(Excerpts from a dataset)
+ + +
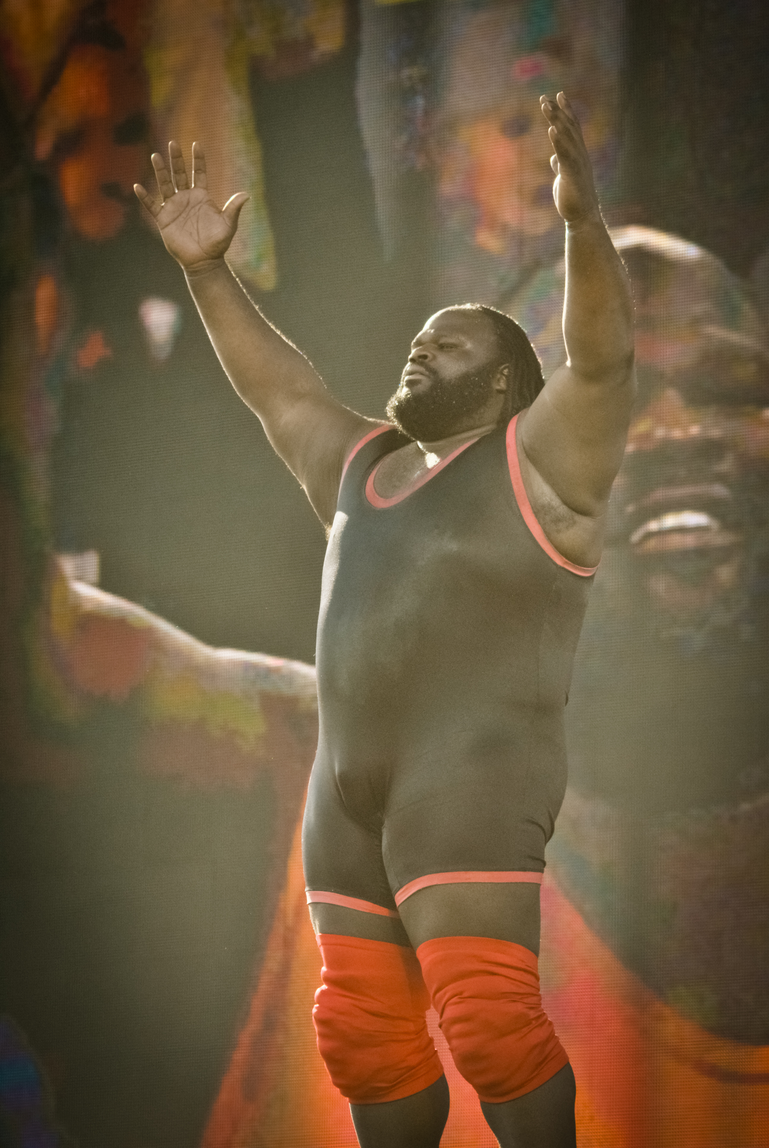 Mark Henry at WWE's Tribute to the Troops event on December 11, 2010 in Fort Hood, Texas.
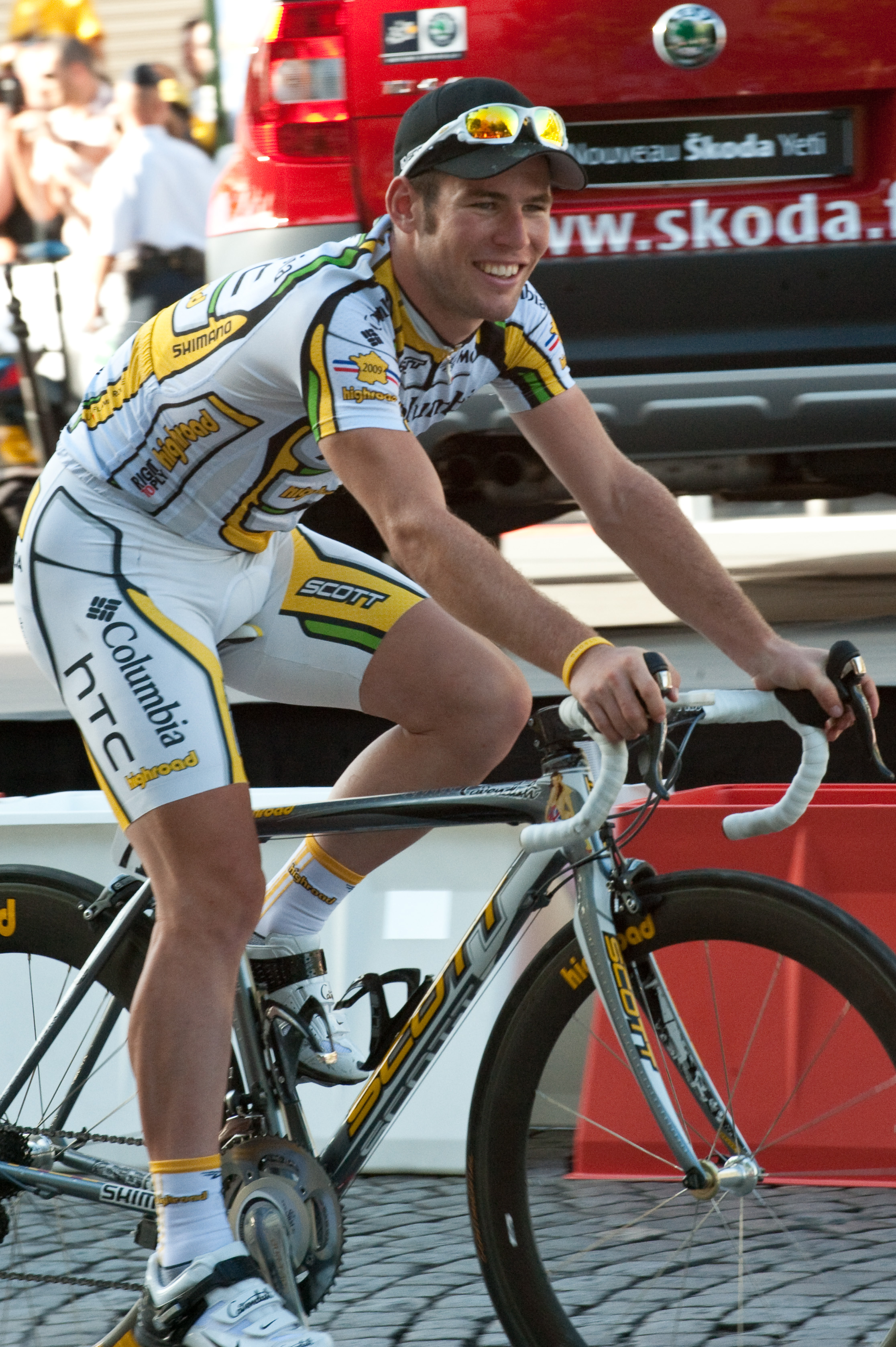 Mark Cavendish - Tour de France 2009
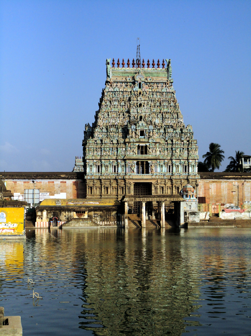 the thiyagaraja temple at tiruvarur
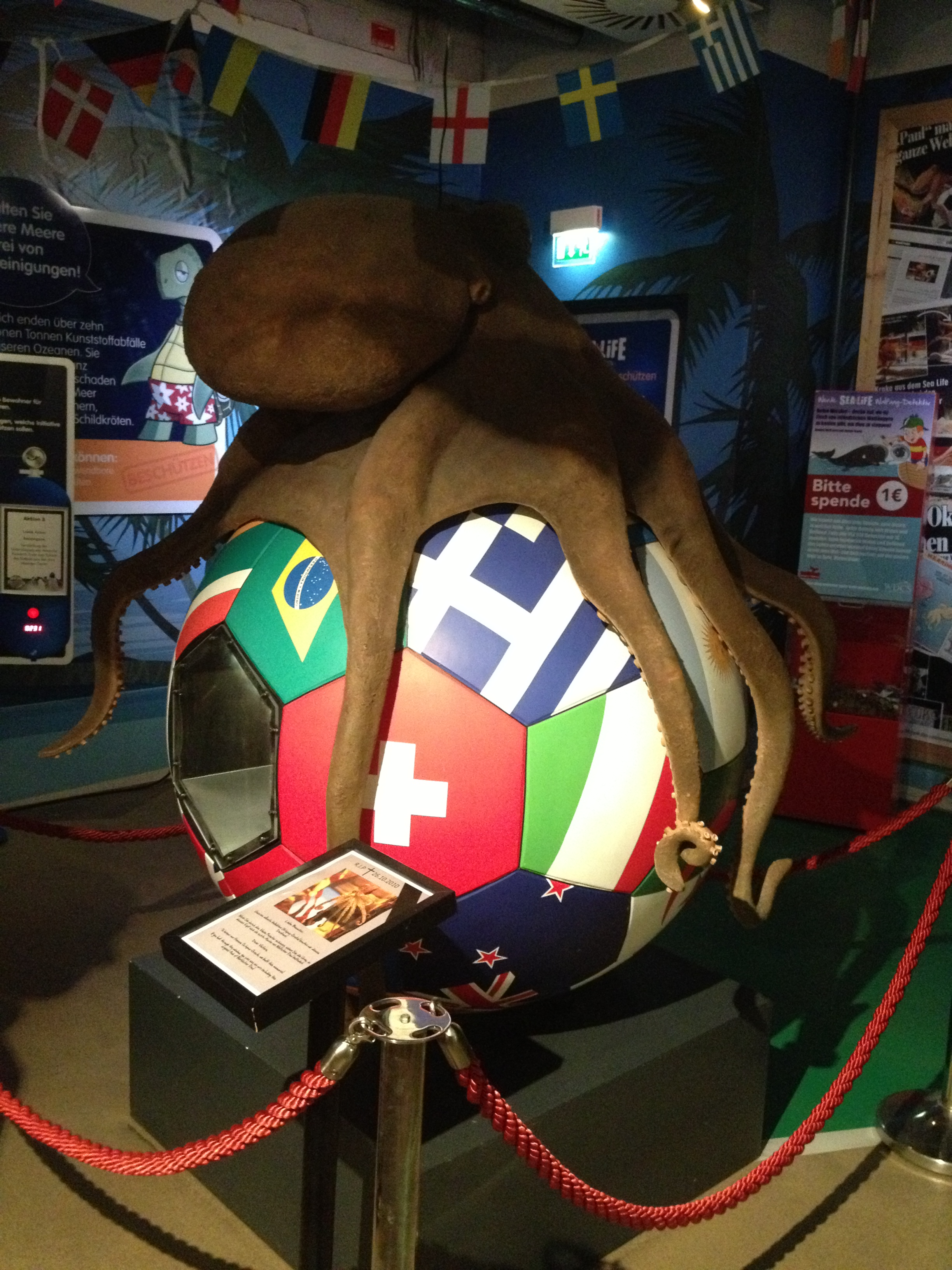 Paul the Octopus memorial statue at Sea Life Oberhausen, Germany.
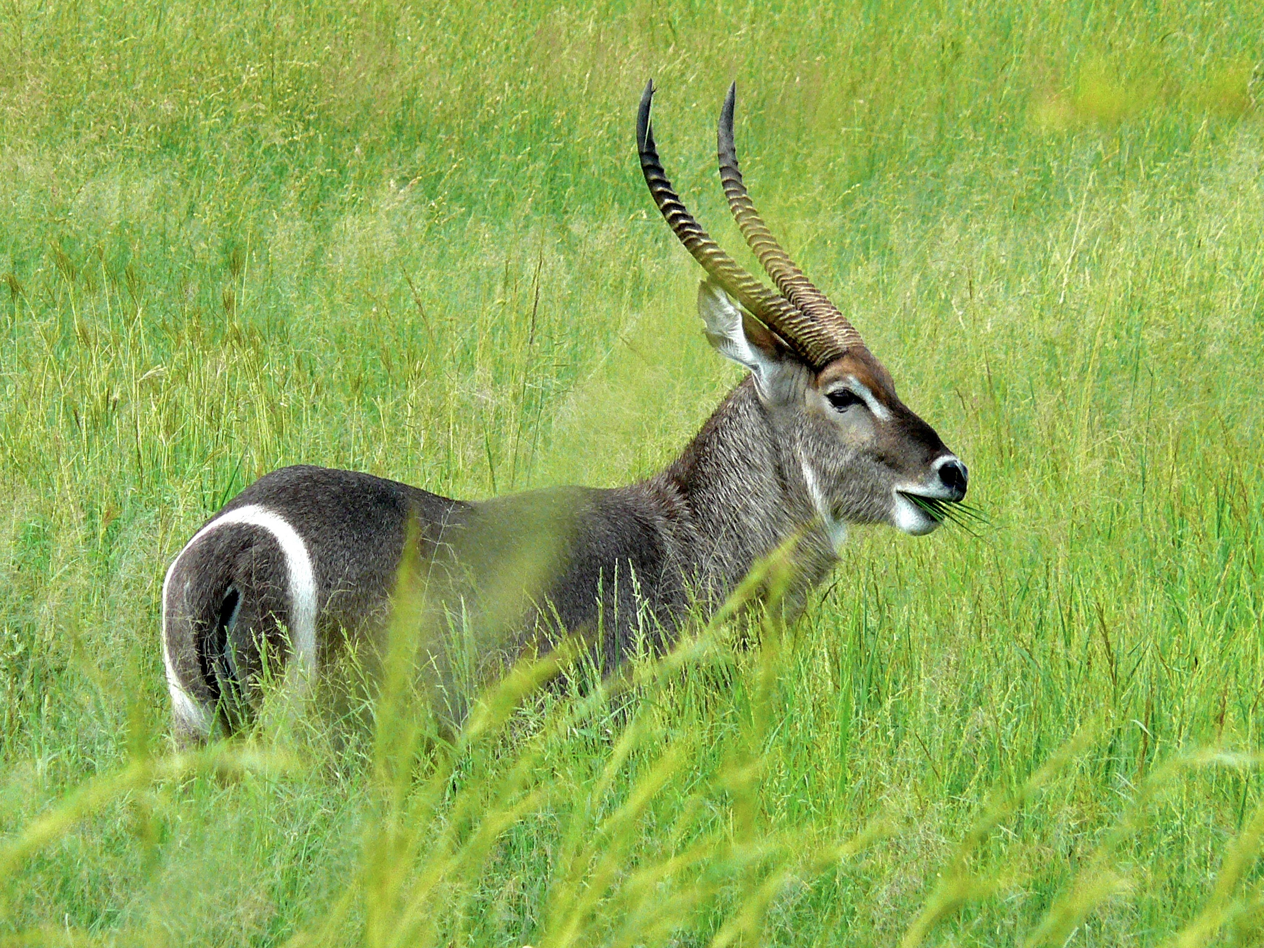 Transport Dam South of Skukuza, Kruger NP, SOUTH AFRICA
+ + +
Leave out the pictures, and write out all the remaining data above exactly.

 Mark Henry at WWE's Tribute to the Troops event on December 11, 2010 in Fort Hood, Texas.
 Mark Cavendish - Tour de France 2009
 the thiyagaraja temple at tiruvarur
 Paul the Octopus memorial statue at Sea Life Oberhausen, Germany.
 Transport Dam South of Skukuza, Kruger NP, SOUTH AFRICA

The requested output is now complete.